Why legal advice is only part of the solution in preparing for the GDPR in a recruitment sector business

A common complaint from firms who have sought advice from their lawyers or generic GDPR consultants, is that they find that their advice or approach is impractical to implement in the business.

Having grasped the implications of the legislation, Helen Haddon, a consultant with 20 years operational experience in executive search and recruitment businesses discussed the best approach with Elle Todd, partner and head of Digital and Data at international law firm CMS and Leon Penny, CEO of SynergyGroup. She then set up ComplyGDPR to provide specific solutions for executive search, interim management, in-house teams and recruitment businesses.
Elle explains why many search firms struggle to understand how to translate the requirements of the GDPR into their business. She says “many will claim to be able to advise on data protection but it requires more than just reciting what the legislation says. Instead, it requires in-depth understanding of the evolution of data laws, areas of risk and an ability to translate complex and often vague concepts into practical and workable actions and processes that your business can actually understand and use. Done properly and focused on your sector’s nuances, however, it will however save you money in the longer term by meaning you should be able to run your data compliance and not constantly need further input and advice.”
Once you begin to unravel the requirements of this new legislation, it soon becomes apparent that although there is much that is familiar from the existing Data Protection Act, this is not a just a tweak, this new legislation takes data privacy and the responsibility of organisations to a whole new level.

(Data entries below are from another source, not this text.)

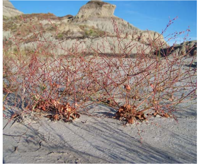
Figure 16. Chlorotic E. visheri in bloom, growing in outwash flats below badlands.

Slope: Most specimens grew on the flat outwash below badland buttes. When found on steeper slopes, they were usually in the midst of gravel, which stabilized the soil and created safe-sites for germination. In the rare instance that they grew on bare clay sideslopes, it was in the cracks within popcorn-weathered clay ( Figure 15 ).
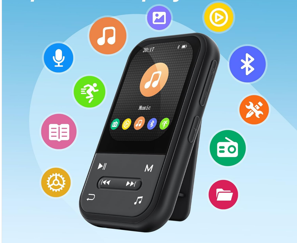
Image: The ZAQE Clip MP3 Player X20 displaying its main interface, surrounded by icons representing its various functions such as music, video, Bluetooth, FM radio, and pedometer.
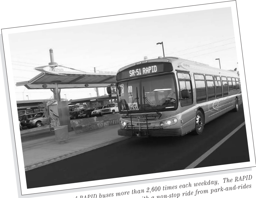
Commuters board RAPID buses more than 2,600 times each weekday. The RAPID commuter service provides passengers with a non-stop ride from park-and-rides throughout the city to the downtown and State Capitol areas.
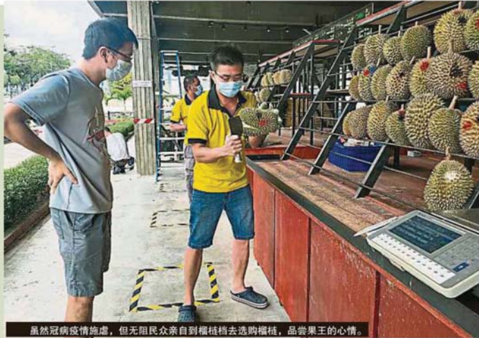
虽然冠病疫情肆虐, 但无阻民众亲自到榴槤档去选购榴槤, 品尝果王的心情。

自从雪州落实有条件行动管制令后, 灵市SS2商业区的榴槤档陆续恢复营业, 准备迎接榴槤季节的到来, 并让雪隆区的老饕们在疫情期间仍有机会品尝到美味的榴槤。
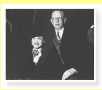
Jesse Livermore "The Boy Plunger" of Wall Street and his wife of twenty months set sail to Europe on the S.S. Rex after his 1934 bankruptcy. Before boarding Livermore said, "I hope to relieve my mind of some of my troubles."
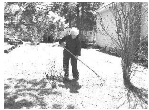
Further down Main Street a resident gets a head start on a healthy lawn by raking up dead grass and debris
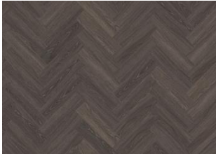
Tongass - Dry Back Herringbone
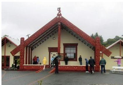
The Living Maori Village, Rotorua, New Zealand
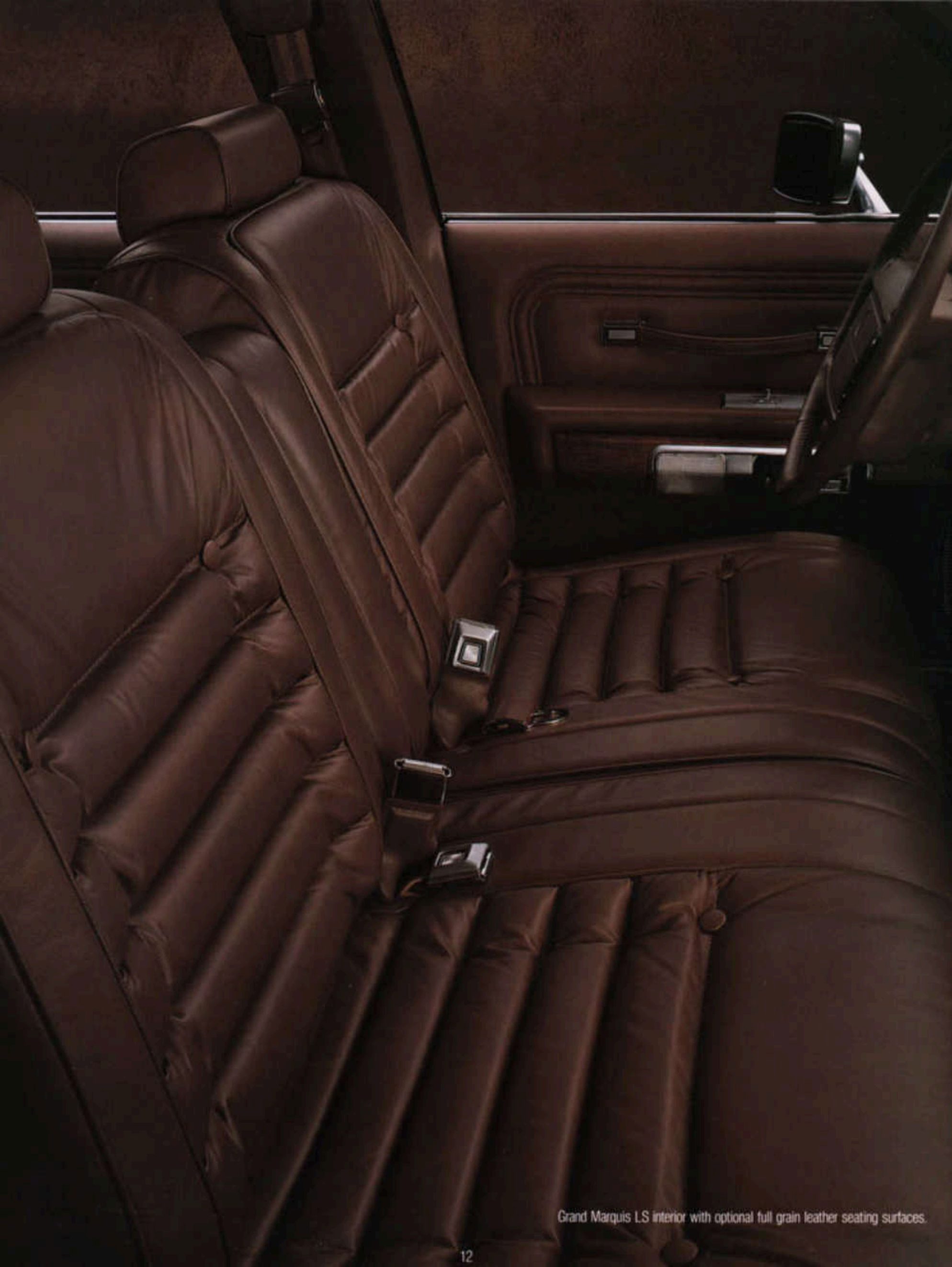
Grand Marquis LS interior with optional full grain leather seating surfaces.
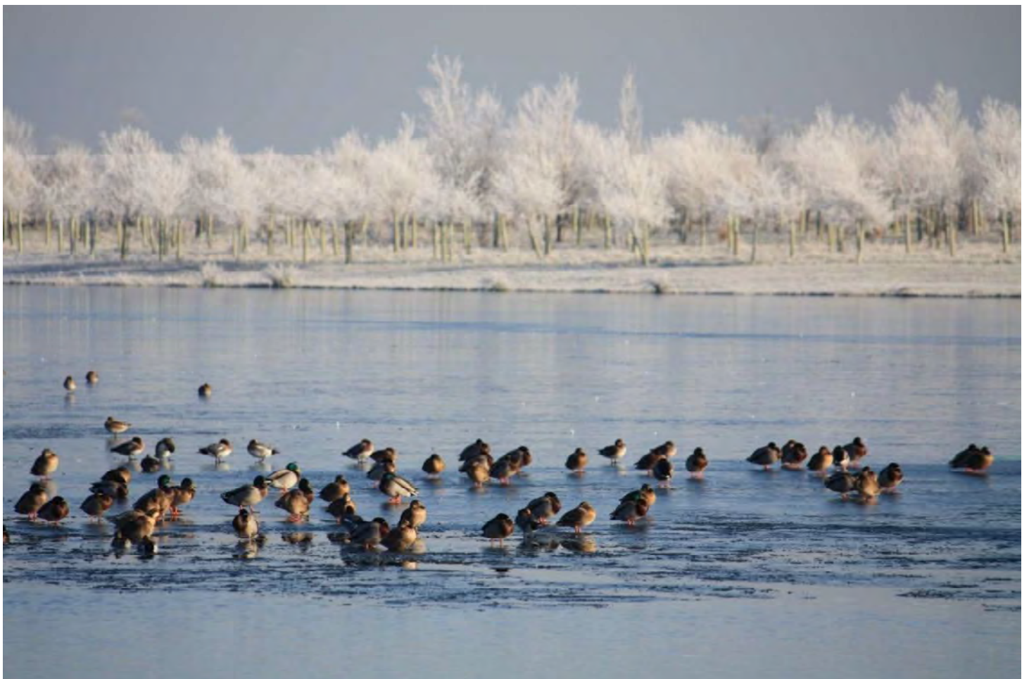
Geese on Baulking Lake
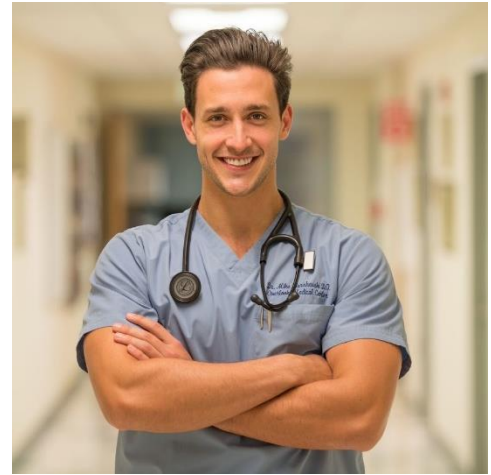
Keynote speaker at the 2022 International Leadership Conference, Dr. Mike Varshavski
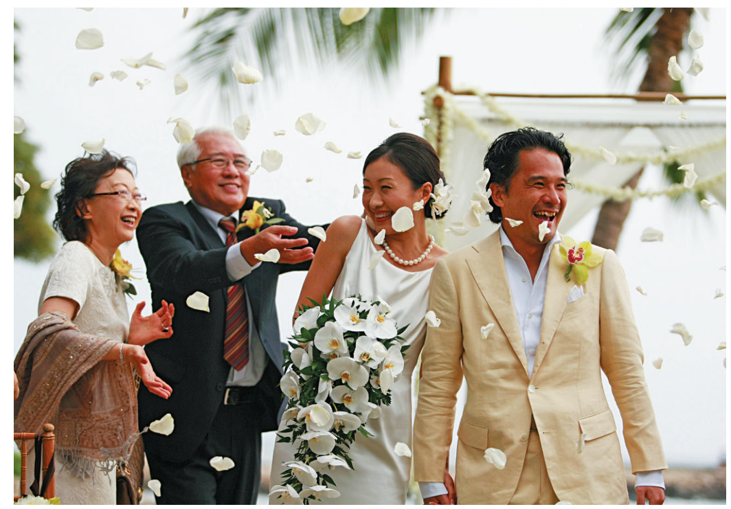
Newlyweds often say they wish they had stressed less on the day and relaxed a bit more. Embracing technology and going online to make use of helpful tools can change all that.

Chau's top tip for the whole planning exercise is to "know when the sun will set" on the appointed
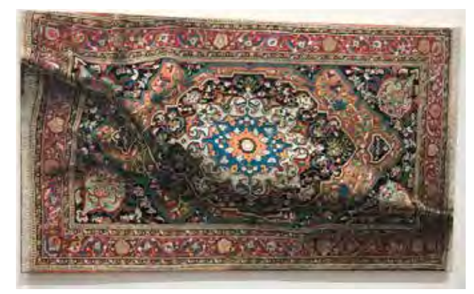
Antonio Santin, Arcana, 2015
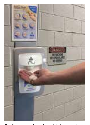
Easily set up hand sanitizing stations with floor stands and dispensers of sanitizer. Use non-alcohol sanitizer in hazard areas.

Health Guard hand sanitizers kill germs when soap and water is not available. Easy, fast and convenient, our 62% and 70% alcohol formulas meet CDC recommendations for hand antisepsis. In hazard areas where flammability must be avoided, Health Guard No Alcohol Hand Sanitizer kills 99.99% of common germs without water and is on-flammable.
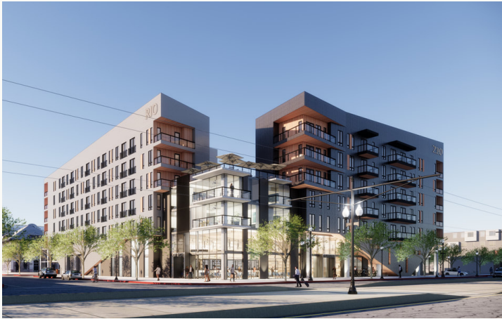
LUMA APARTMENTS SALT LAKE CITY, UT 205 UNITS
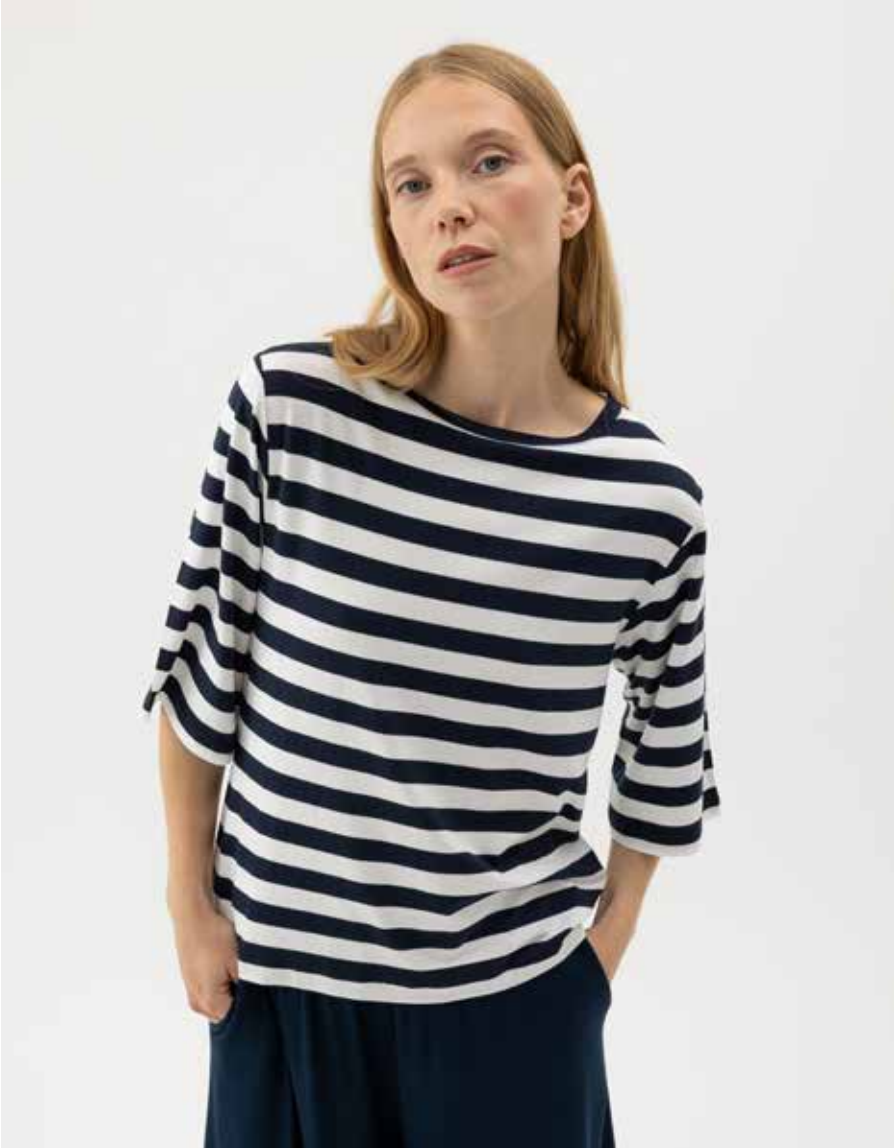
ELLEN TEE S62501 Colours: Off White, White/Navy, Off White/Bright Red, Navy, Black. Sizes: XS-XXL Material: 93% Viscose, 7% Elastane

It produces challenges around processing assignment data because some data is provided by the individuals themselves but a significant proportion is gathered without the knowledge or consent of individuals. The regulation requires new processes to be implemented to respond to individuals’ requests to see their data. Firms need to monitor and report data breaches within the required timescales, this requires IT expertise as well as good internal processes and training. Above all it requires the ability to be able to demonstrate your data privacy approach through record keeping, training and documentation.
The ComplyGDPR approach is to provide a toolkit that provides the legal advice that is translated into processes that can be implemented into the business. This is the approach that generic GDPR consultants or lawyers can not provide as they lack the in depth knowledge of the business context.